**What to do:** From the records below, please repeat exactly the line that has "16 Carbon Monoxide Detector", the line that has "An example of", and every line between them, and nothing else.

**Input data:**
>>>>>
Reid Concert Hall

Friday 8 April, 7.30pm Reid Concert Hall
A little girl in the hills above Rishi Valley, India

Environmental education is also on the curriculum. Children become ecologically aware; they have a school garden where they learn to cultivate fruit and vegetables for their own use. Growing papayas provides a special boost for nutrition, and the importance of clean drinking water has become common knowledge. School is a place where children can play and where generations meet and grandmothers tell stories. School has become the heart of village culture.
<<<<<
>>>>>
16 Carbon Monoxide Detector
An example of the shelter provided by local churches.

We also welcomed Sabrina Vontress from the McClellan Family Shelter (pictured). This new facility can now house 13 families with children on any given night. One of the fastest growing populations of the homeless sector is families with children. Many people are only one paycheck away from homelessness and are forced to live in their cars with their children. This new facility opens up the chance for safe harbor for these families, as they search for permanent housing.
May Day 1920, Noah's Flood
<<<<<
**Solution to this problem:**
16 Carbon Monoxide Detector
An example of the shelter provided by local churches.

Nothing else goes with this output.